Connect to a pre-existing remote server
Communicate with a server generated from another Sun WorkShop Visual design.


Receiving Data

For applications generated with Internet Smart Code you will need to provide a Receive Handler. Sun WorkShop Visual gives you a pointer to any data returned, but it is up to you to handle that data. Data handlers are part of the Customize dialog and described in "Customizing the Server Connection" on page 516. To make use of the data returned, Sun WorkShop Visual provides a library which allows you to express an interest in particular features of the input stream and then "pick out" these features as they arrive. This is described in "Extracting Information from HTML Data" on page 546.

You can either process the data as a stream or you can use the InputData class or object Sun WorkShop Visual provides to access it through the getData() and getSize() methods. This is particularly useful if you are downloading data to send to a display widget - for example, a gif or jpeg image. For C code, the InputData object is a data structure. For C++ and Java it is a class. See the online reference material for details of InputData by opening this file in an HTML browser and following the appropriate links:

$VISUROOT/lib/locale/<YourLocale>/sc/index.html

where VISUROOT is the install directory of your Sun WorkShop Visual and <YourLocale> is the locale you are using.

For a simple example of how to process incoming data, generate code from your design after setting up an Internet Smart Code callback with the "Go Live" toggle set which uses the "@<widgetname>" shorthand notation as the Receive Handler. This is exactly what you will do in "Simple Internet Smart Code Tutorial" on page 540 below.


Communication Protocol

Sun WorkShop Visual assumes, if you have chosen "Internet" Smart Code, that you are fetching data from a location on the Internet and therefore uses the GET HTTP protocol. If you override the send handler by specifying a function name for it in the Customize dialog, Sun WorkShop Visual uses the POST protocol.

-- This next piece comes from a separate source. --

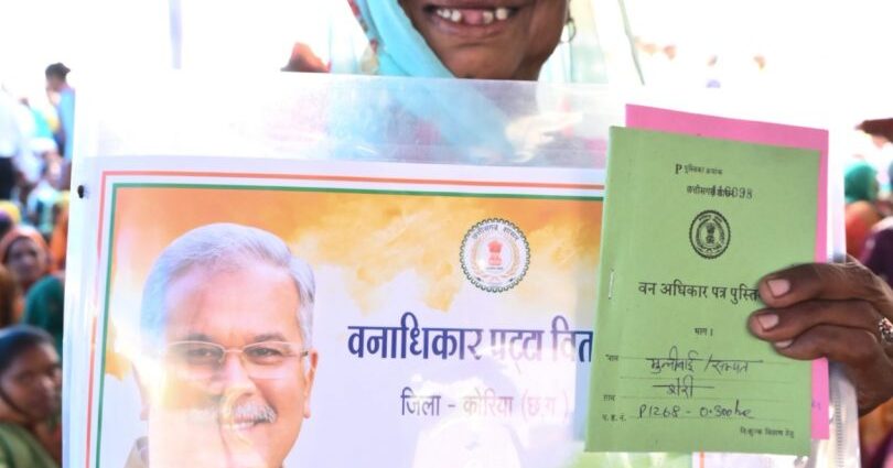 राज्य में लगभग पौने पांच वर्ष में 59 हजार 791 व्यक्तिगत वन अधिकार पत्र वितरित किए गए हैं, जिसका कुल रकबा 33,238.504 हेक्टेयर है। इसी प्रकार 25 हजार 109 सामुदायिक वन अधिकार पत्र वितरित किए गए है, जिसका कुल रकबा 11,81,587.935 हेक्टेयर है। देश में सर्वप्रथम नगरीय क्षेत्र में व्यक्तिगत वन अधिकार सामुदायिक वन अधिकार पत्र एवं सामुदायिक वन संसाधन अधिकार पत्र प्रदाय करने की कार्यवाही छत्तीसगढ़ राज्य में की गई। इसके साथ ही विभिन्न जिलों में अब तक 3,964 सामुदायिक वन संसाधन अधिकार मान्य किए गए हैं, इनका कुल रकबा 17,292,37.103 हेक्टेयर है। राज्य में अब तक विशेष रूप से कमजोर जनजाति समूह को 23 हजार 571 लोगों को व्यक्तिगत वन अधिकार पत्र, जिनका 19,124.408 हेक्टेयर वन भूमि, इसी प्रकार 2360 सामुदायिक वन अधिकार पत्र पर कुल रकबा 1,22,679.174 हेक्टेयर और 184 सामुदायिक वन संसाधन अधिकार पत्र दिया गया है जिसका कुल रकबा 1,44,525.947 हेक्टेयर प्रदान किया गया।

Simple Internet Smart Code Tutorial

This example introduces you simply and quickly to Internet Smart Code. It connects to a real Web site and downloads data from it. You will see this happening both within Sun WorkShop Visual, using "Go Live", and in your generated application.

In order to get you familiar with the use of Internet Smart Code quickly, this example does not attempt to parse the returned data. Parsing of HTML is described in "Extracting Information from HTML Data" on page 546.

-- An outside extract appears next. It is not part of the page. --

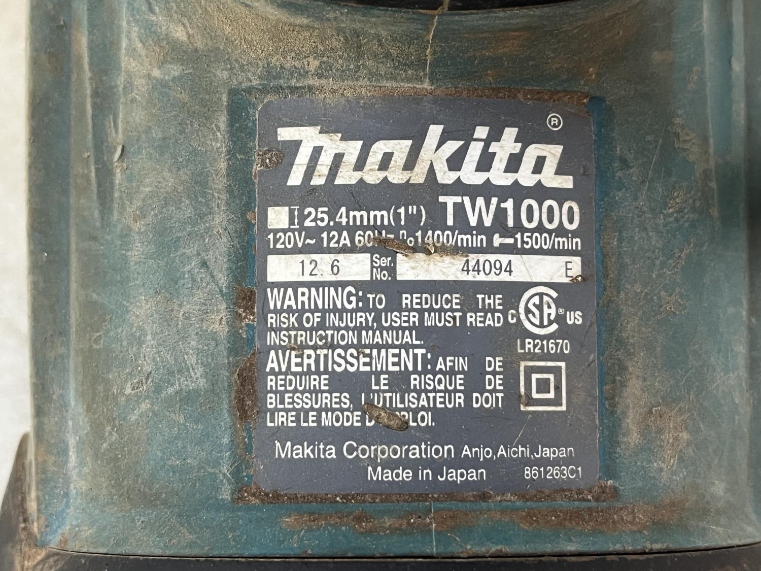 2138 Makita TW1000 1 Inch Drive Impact Drill

Note - This tutorial shows you how to connect to a remote server, so make sure you are working from a computer configured to do this.
  1. Create a hierarchy containing the widgets shown in Figure 18-2.
  These are: application shell->form->{button, scrolled text}.

FIGURE  18-2 Hierarchy for Internet Tutorial

  2. In the Layout Editor, attach the scrolled text widget to the bottom and right edges of the form so that it resizes when the window is resized.
  This is a purely cosmetic step - so that you are able to see the returned data more easily.
  3. Select text1 (the text area of the scrolled text widget). Press the "Add to New Group" on the toolbar.
  This button is shown in Figure 18-3.

FIGURE  18-3 Add to New Group Toolbar Button

  4. When the Group Editor appears, check that it shows a group named Group0 containing a text widget as its only member, as shown in Figure 18-4.

FIGURE  18-4 Group Editor

  5. Close the Group Editor.
  We do not need to make any changes, we shall use the Group as created by Sun WorkShop Visual.
  6. Select button1 and display the Callbacks dialog.
  7. Check that "Activate" is selected from the list on the left and put in goInternet as the name of the callback.
  Do not add this callback yet as we have to define the Smart Code for it.
  8. Set the "Smart Code" toggle.
  9. Choose "Internet" form the option menu of Smart Code flavors.
  10. Select Group0 as the Group for this callback.
  Do this by pressing the "Group" toggle, making sure that Group0 is selected and pressing "Apply".
  11. Press the "Customize" button.
  This displays the Customize dialog.
  12. In the Customize dialog, type the following URL in the URL field:
  http://www.ist.co.uk/index.html
  13. If you are behind a firewall, set the Proxy host and port.
See "More on Proxies" on page 519 for more information on setting your proxies.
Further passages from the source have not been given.